State of Oregon Purchases 12 Million At-Home COVID-19 Test Kits

The Oregon Health Authority will distribute the sometimes elusive tests to local health agencies in January.

COVID-19 testing outside a Portland music venue. (Justin Yau)

As Multnomah County approaches a new weekly record for COVID-19 cases, the Oregon Health Authority has announced plans to distribute 12 million home COVID-19 tests next month.

President Joe Biden earlier announced plans to distribute 500 million tests for free. That plan is still coming together, so, in the meantime, Oregon placed an order Dec. 29 with iHealth Labs for 6 million of its COVID-19 Antigen Rapid Test kits (each kit contains two tests).

“Oregon learned during the Delta surge that we must be prepared for the unpredictable,” said Gov. Kate Brown in a statement. She pledged to “arm Oregonians with the information and tools they need to keep themselves and their families safe.”

The state’s largest previous purchase of at-home tests was just 1.46 million units. Tests at walk-in or drive-thru clinics can often cost upwards of $100 apiece and can be difficult to schedule. The state will make the at-home tests, which take about 15 minutes to produce a result, available for free.

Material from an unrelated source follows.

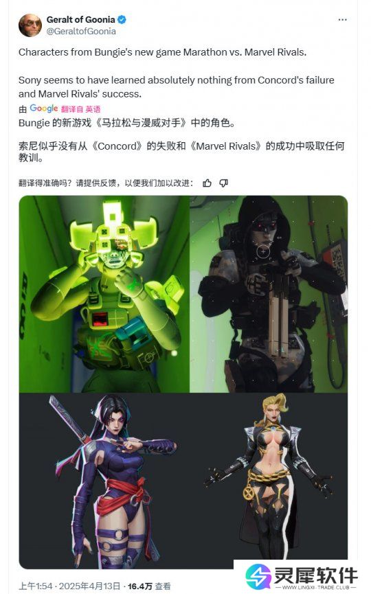 《失落星船:马拉松》公布后 粉丝批评SIE从《星鸣特攻》啥也没学到今早,Bungie正式公布了《失落星船:马拉松》,对于这款游戏,目前讨论最多的就是该作的视觉风格和角色设计。有人喜欢,有人讨厌,比较有争议。有国外玩家将《失落星船:马拉松》的角色设计和《漫威争锋》的进

The state will distribute the tests to local health authorities, schools, Indigenous tribes and community-based organizations, including those that serve agricultural workers and homeless Oregonians.

“Through vaccination, wearing masks, and utilizing widespread testing, we can make it through this latest surge the same way we have before—working together to protect each other,” Brown added.

The announcement came on the eve of new projections by Oregon Health & Science University, which estimate the Omicron wave will peak at 1,650 hospitalizations statewide by the end of January—a higher figure than the hospital projected last week, though still lower than initial estimates. That prediction has fluctuated as OHSU analyst Peter Graven tracks how the variant has spread in other places, and how severe its effects have been.

The 1,650 hospitalizations figure is more than a third higher than the maximum daily hospitalizations from the Delta wave last summer.